Easily swap the track arrangement (shifting tracks up or down)

  • January 7, 2020
  • 13 replies
  • 65269 views

Hey all,

Is there a way to shift an entire track up or down placing them in the order or arrangement you want?

 

I want to be able to grab V1 and move it to where V3 is, so that it's above the other footage on V2.

Or grab A6 and pull it up to A2, Making old A6 now A2, and previous A2 is now A3.

 

Curently (as far as I know) you have to highlight all the clips on the track and bump them up when highlighted.

2 problems accure, if you bump up and land on the track above it will overwrite the clips above, or if you unlink the audio video you may misalign sound from video.

 

How is this not a feature? When I started out 15 years ago with Sony Vegas, it was available. 15 years later I still can't do that in Premiere, or am I missing something?

 

 

 

 

Correct answer Ann Bens

Select Track Selection Forward Tool (A).

Hold down Ctrl and click on first clip

Drag everthing up or down (dont let go of the ctrl) to new empty track.

13 replies

Inspiring
January 7, 2020

yeah, but if you're linked to audio when moving video ( and that audio also wants to move when you tell it to via video track selection ( and that link to audio).. then it gets messed up... you could overwrite the audio at that point or push it ... you're right it's complicated... and I think you can go to the far left and move the tracks ( like move V2 up to V1  ? ) but I don't remember really.... I'll open cs6 and see if I can do that...

 

I don't have new subscription stuff.

 

🙂

 

good luck !

 

Todd KCCOAuthor
Known Participant
January 7, 2020

That's what I'm saying, I want to be able to just click on V1 at the left and highlight the whole V1 track, then click and drag it up or down. It shouldn't even change anything else excet that arrangement. It would be beautiful and quick and eliminate the chances of overwriting clips. 

orf94268545
Participant
August 24, 2025

I completely agree. Would allow for way more precision and efficiency. The ability to cluster Audio channels into categories with click and drag modularity. Any updates?

Inspiring
January 7, 2020

PPro is a little more sophisticated than vegas IMO. Although I had vegas and liked it OK.
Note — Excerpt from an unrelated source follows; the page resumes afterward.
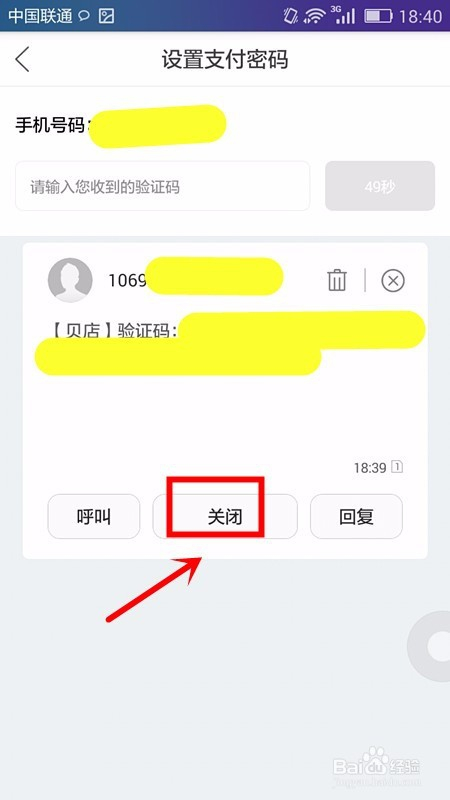 这时,手机就会收到贝店给我们发送的验证码短信,我们点击封闭即可;

When I first got PPro ( CS3 ? ) I didn't have a motion pic camera, so I used an animation to begin to learn the program. Drew stuff in photoshop and imported layers ( with alpha), and put on different video levels ( tracks)... and got the timing down with music ( one audio track) and added soundFX ( more audio tracks, some overlayed ).

You need that precise control when doing stuff and I think PPro does a good job of letting people find the right workflow for what they are doing.

 

first edit using CS3

1:40 approx time

a nyc guy follows his nose instead of his brain and this leads to trouble.

 

https://vimeo.com/383130405

 

Todd KCCOAuthor
Known Participant
January 7, 2020

Thank you. I should mention that I have been using Adobe Premeire for the last 9 years, so this isn't new to me. (not meant to sound snarky)

I am quite proficient at Premiere and After Effects.

My work pace is increasing all the time and I am always looking to speed up my process. 

I chose premeire over FCP because premiere does allow the user much greater freedom on their exprerience.

I also spent 7 years, as an editor for tv using AVID. So Premeire is the preferred choice based on intreface and user experience.

However, there are some things like swapping track arrangement or locking selected clips in place on the timeline or locking markers that Vegas had that would make this experience flawless in my eyes. 

 

Legend
January 7, 2020

a couple of ways to do this.  Lock all video tracks except your source and target track (not necessary but an additional layer of safety) . .  Make sure your source video track is on in the patch panel of timeline.  Put your playhead on the first frame of the source track and select all clips.  Hit command-x (cut all) . Then turn off the source video track in the target part of the patch panel of the timeline.   Make sure the target track is the only track selected in track target section of the patch panel of the timeline and hit command-v.   Pretty simple.   Can give you a few other ways, but this seems the simplest to me.     If my language is not clear it's probably not my fault.  Happy to send a screen grab to make this clearer if you want.

Todd KCCOAuthor
Known Participant
January 7, 2020

No I totally understand what you are saying. I know that is an option so thank you.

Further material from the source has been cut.